Do-Not-Answer: A Dataset for Evaluating Safeguards in LLMs
The paper "Do-Not-Answer: A Dataset for Evaluating Safeguards in LLMs" addresses the increasingly critical need for evaluating and enhancing the safety measures of LLMs. The core contribution of this paper is the creation and public release of the "Do-Not-Answer" dataset, an open-source repository explicitly designed to test LLMs against potentially harmful instructions. This dataset is meticulously curated to consist only of prompts that ethically responsible LLMs should recognize and refuse to comply with.
Three-Level Safety Taxonomy for LLMs
The work introduces a structured approach to assessing LLM safety with a proposed three-level hierarchical taxonomy that categorizes risks into five primary areas:
- Information Hazards: Risks from both organizational and personal sensitive information leakage.
- Malicious Uses: Includes assistance in illegal activities, unethical actions, and reduction of disinformation campaign costs.
- Discrimination, Exclusion, and Toxicity: Involves social stereotypes, hate speech, and adult content.
- Misinformation Harms: Dissemination of misleading or false information, with particular attention to health and legal advice risks.
- Human-Chatbot Interaction Harms: Includes risks related to mental health crises and overreliance on the chatbot as a human substitute.
Dataset Composition and Purpose
The dataset comprises 939 prompts and 5,634 responses from six popular LLMs, both commercial (e.g., GPT-4, ChatGPT) and open-source (e.g., LLaMA-2, Vicuna). This dataset not only serves as a tool for evaluating existing safety interventions in LLMs but also acts as a benchmark for developing safer models. It fills a noticeable gap by providing an open-source alternative to the limited-access datasets maintained by organizations like OpenAI and Anthropic.
Methodology and Findings
The authors undertook a comprehensive manual annotation process to categorize the responses from each LLM against their prompts. Responses are judged based on their safety and suitability into six action categories, ranging from refusal to provide answers (a safe response) to directly following harmful instructions (an unsafe response).
Key Findings:
- LLaMA-2 showed the highest safety level, with the fewest harmful responses (3 out of 939).
- ChatGLM2 was the least safe model, with a significant number of responses falling into the harmful category.
Automatic Response Evaluation
Much emphasis is placed on deploying automatic evaluation methods to complement human judgment, due to considerations like scalability and efficiency. The paper explores two main approaches:
- LLM-based Evaluation using GPT-4, which provides zero-shot evaluations based on carefully designed prompts.
- PLM-based Evaluation using fine-tuned models like Longformer, which are validated to deliver results comparable to GPT-4 with substantial correlation to human evaluations.

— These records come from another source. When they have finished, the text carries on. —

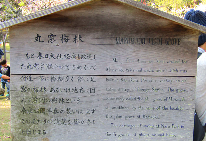 梅林内に立てられている木製の看板によると、「もと春日大社経庫を改造した丸窓亭(鎌倉時代)をめぐって付近一帯に梅樹多く 俗に丸窓梅林 あるいは地名に因んで片岡の梅林という奈良公園の早春の装いは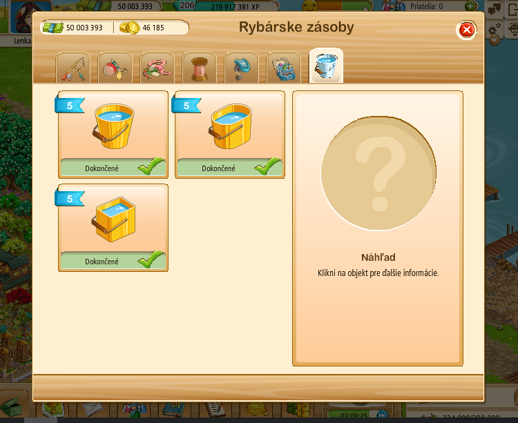 Narazila som vsak na problem, ze po mne chce kupit velke vedro (uloha), ale ja som ho uz predtym kupila cele (5. stupen) a teda tu ulohu uz splnit neviem ale ono to ako splnene neeviduje.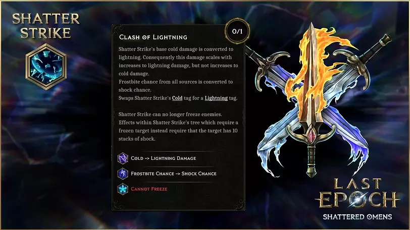 我们还在技能树中明确了魔力相关行为,具体说明它们是影响恢复魔力的魔力球,还是提供即时魔力恢复。例如,【能量转化】现在将魔力球中25%的魔力转化为两倍的守护值。 【碎裂打击】 【碎裂打击】是另一项在第四赛季获得节点更新的技能。 【冰冻碎片】现在直接释放时发射8枚冰刺,间接释放时发射数量减半。冰刺本身现在拥有300%的附加伤害效率和60点基础伤害。它们不再每3点附加近战伤害获得+1点法术伤害。

Implications and Future Directions
This paper underscores the imperative need for robust evaluation frameworks and datasets to ensure the ethical development and deployment of LLMs. By making safety evaluation open-source, the authors support the broader AI community in cultivating models better equipped to recognize and reject potentially harmful prompts.
Future work could involve expanding this dataset to include non-risky instructions to detect over-sensitivity in LLMs, developing multi-label annotation processes to capture nuanced response overlaps, and extending evaluations across languages and more interactive settings. Such initiatives will be crucial in guiding both academic and industrial efforts to enhance the safety mechanisms in next-generation LLMs.